How I can split text into paragraphs?

An alternate approach is to use completion chat with some prompt engineering and formatted response. Therefore I made this python lib (named extract_paragraphs):

from openai import OpenAI
import json

def extractParagraphs(client: OpenAI, text: str):
    text = text.strip()

    if (text == ""):
        raise ValueError("String should noty be an empty string")

    prompt = """
        You are a tool that splits the incoming texts and messages into paragraphs and extracts any title from text
        Do not alter the incoming message just output it as a json with split paragraphs. 

        The text is coming from PDF and DOCX files, therefore omit any page numbers page headers and footers.


        The Json output should be the following:
        ```
        {
          "text_title":string,

          "paragraphs":[
            {
              "title":string,
              "paragraph":string
            }
          ]
        }
        ```

        * "text_title" is the title of incomming text
        * "paragraphs" is an array with split paragraphs upon each paragraph:
          * "title" is the paragraph title if there's none set it as empty string
          * "paragraph" is the paragraph content

        Feel free to trim any excess opr unwanted whitespaces and multiple newlines and do not pretty print the json.
        Replace multiple tabs and spaces in the incomming text with a single space character.
        The output should be raw json that is NOT into markdown markup.
    """

    response_format={
        "type":"json_schema",
        "json_schema":{
            "name": "paragraph_response",
            "strict": True,
            "schema": {
                "type": "object",
                "properties":{
                    "text_title":{
                        "type":"string"
                    },
                    "paragraphs":{
                        "type": "array",
                        "items": {
                            "type":"object",
                            "properties":{
                                "title":{ "type":"string"},
                                "paragraph":{"type":"string"}
                            },
                            "required": ["title", "paragraph"],
                            "additionalProperties": False
                        }
                    }
                },
                "required": ["text_title","paragraphs"],
                "additionalProperties": False
            }
        }
    }

    response = client.chat.completions.create(model="gpt-4o", messages=[
        {"role": "system", "content": prompt},
        {"role": "user", "content": text}
    ],response_format=response_format)

    content = extractChatCompletionMessage(response)

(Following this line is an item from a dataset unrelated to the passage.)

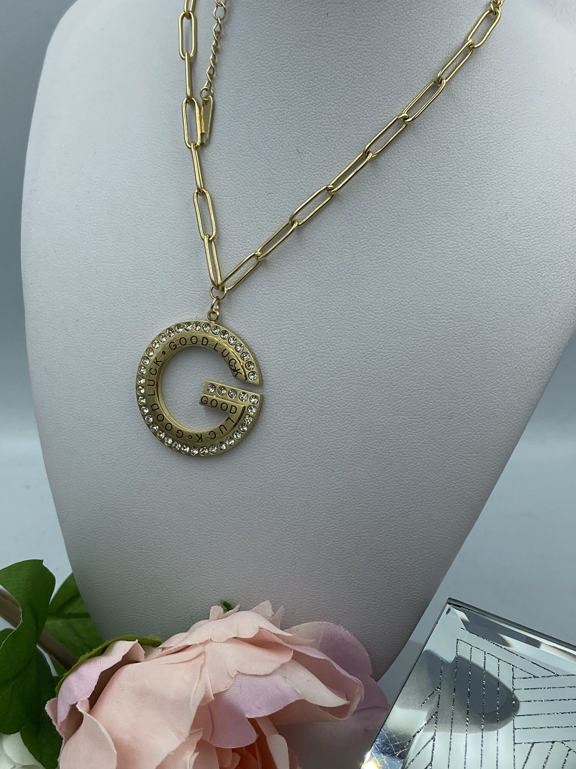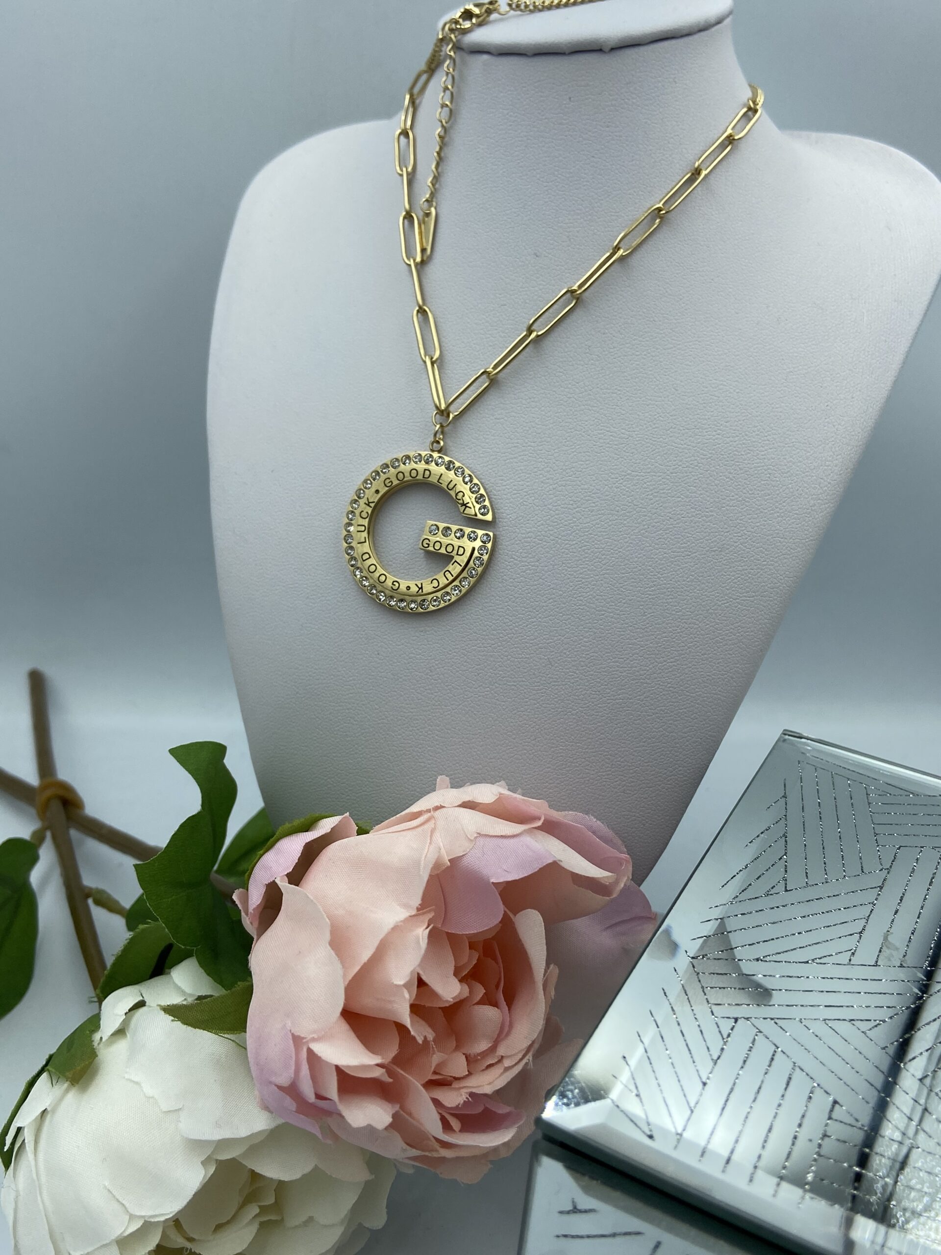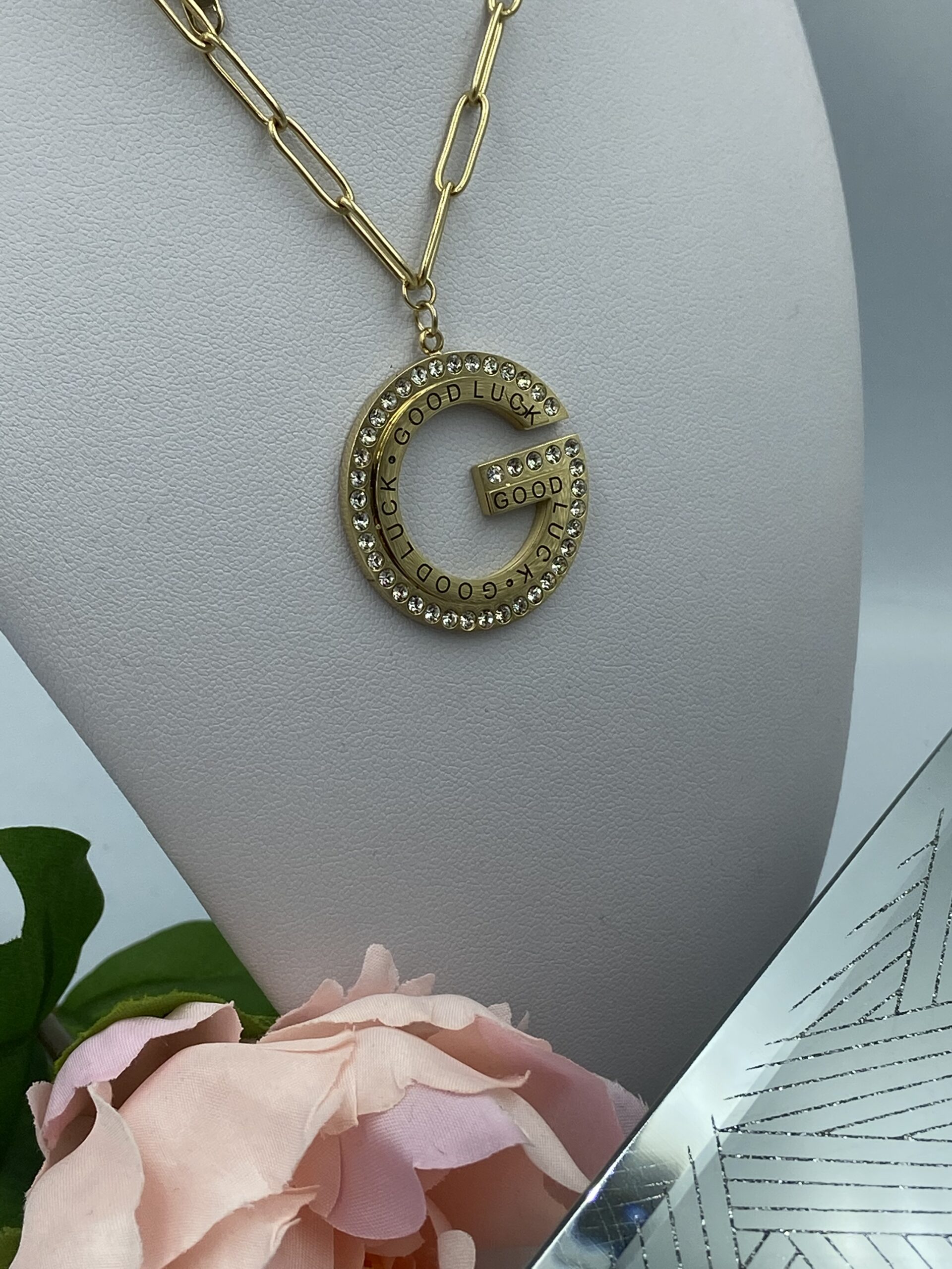 Naszyjnik celebrytka litera G cyrkonie stal 316L

    return json.loads(content)

def extractChatCompletionMessage(response):
    return  response.choices[0].message.content

The idea is to use formatted response with a fixed schema and upon system message describe that I want to split the text into paragraphs.

Then I could use it as:

from pypdf import PdfReader
from openai import OpenAI
from extract_paragraphs import extractParagraphs

def getTextFromPDF(fileName):
    text = ""
    reader = PdfReader(fileName)
    for page in reader.pages:
        text += page.extract_text() + "\n"
    return text

path="mypdf.pdf"

openai = OpenAI()

content = getTextFromPDF(path)
paragraphs = extractParagraphs(content)

print(paragraphs)

Have you used this approach?
I want to know any known pitfalls compared to using a custom model.